Male desert locust protects female from sun
A female desert locust spends more than two hours to lay a batch of eggs in the hot sand of the Sahara. Usually, a male is sitting on her back, acting as a sunshade, Koutaro Ould Maeno and colleagues write.
Desert locust females produce about a hundred eggs at a time. They drill their abdomens into the sand and then sit still for more than two hours on average while the eggs leave her body. If they do the job during daytime, they must endure the scorching heat. How does the insect cope with that, Koutaro Ould Maeno and colleagues wondered.

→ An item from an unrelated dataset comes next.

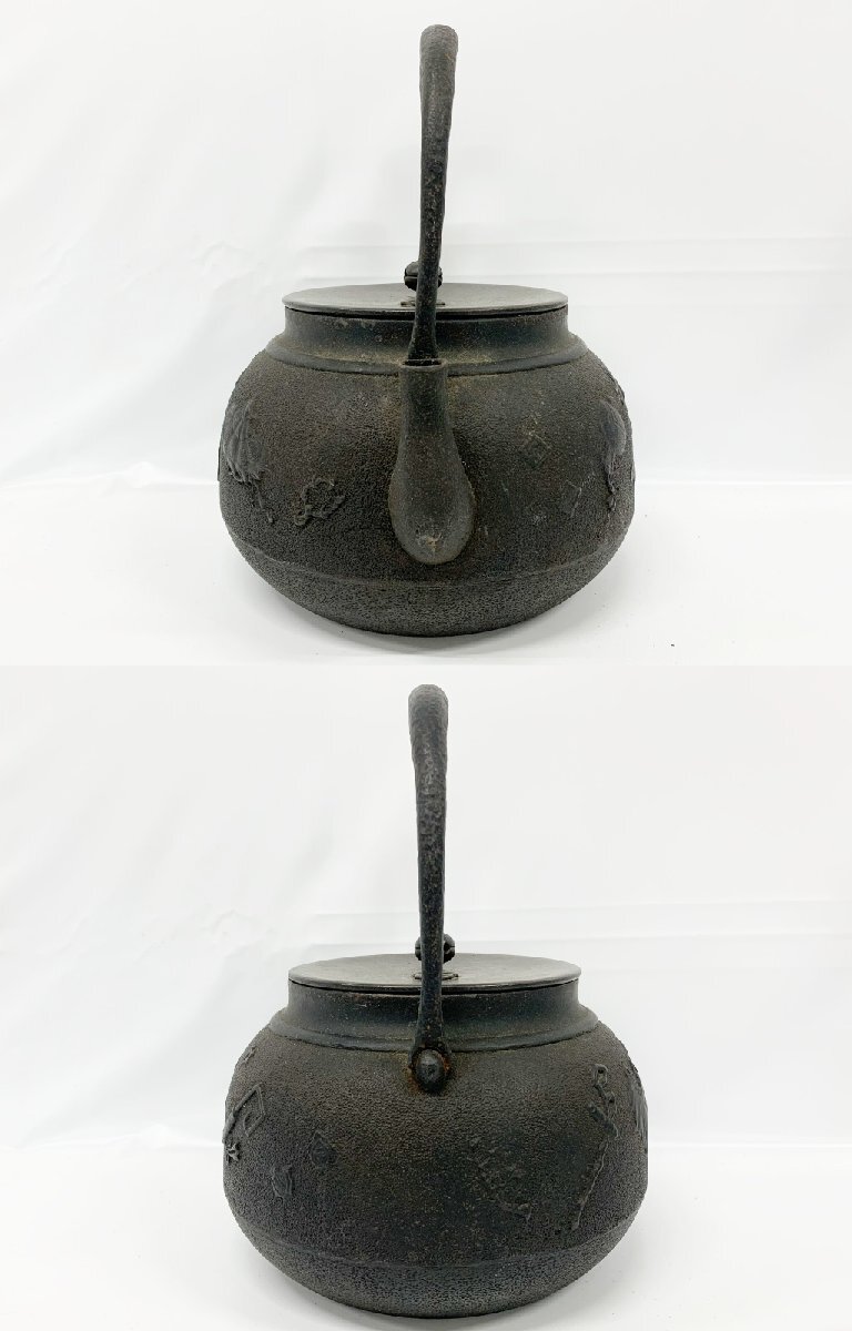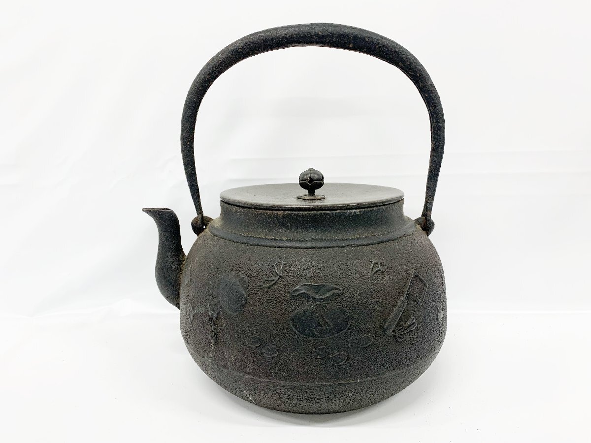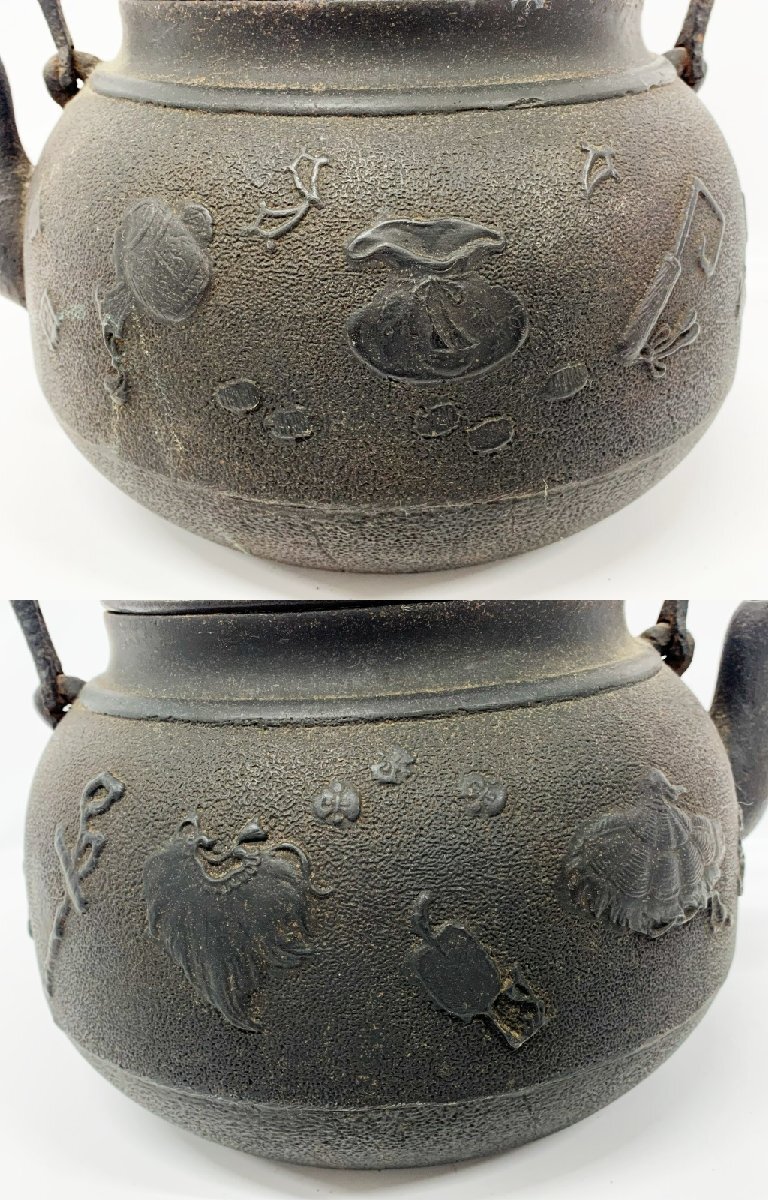 鉄瓶 盛上宝尽くし紋 透梅摘み 総重量 約3271g 大型 湯沸 茶道具 煎茶道具 時代物 骨董品 古美術 K2173N.

They studied the behaviour of desert locusts, Schistocerca gregaria, in Mauritania during the so-called gregarious phase, when the animals live in groups. Males gather at leks during the day to attract females and copulate.
Possessive behaviour
After mating, a female stores the sperm; one mating provides enough sperm for several egg-laying sessions. A male invests a lot in mating, as it takes him hours. To ensure that she actually uses his sperm, he usually continues to guard her until she has laid eggs, keeping rivals away. This possessive behaviour limits her freedom to choose another partner, but in return she is not harassed by other males.
And it turns out to have still another advantage.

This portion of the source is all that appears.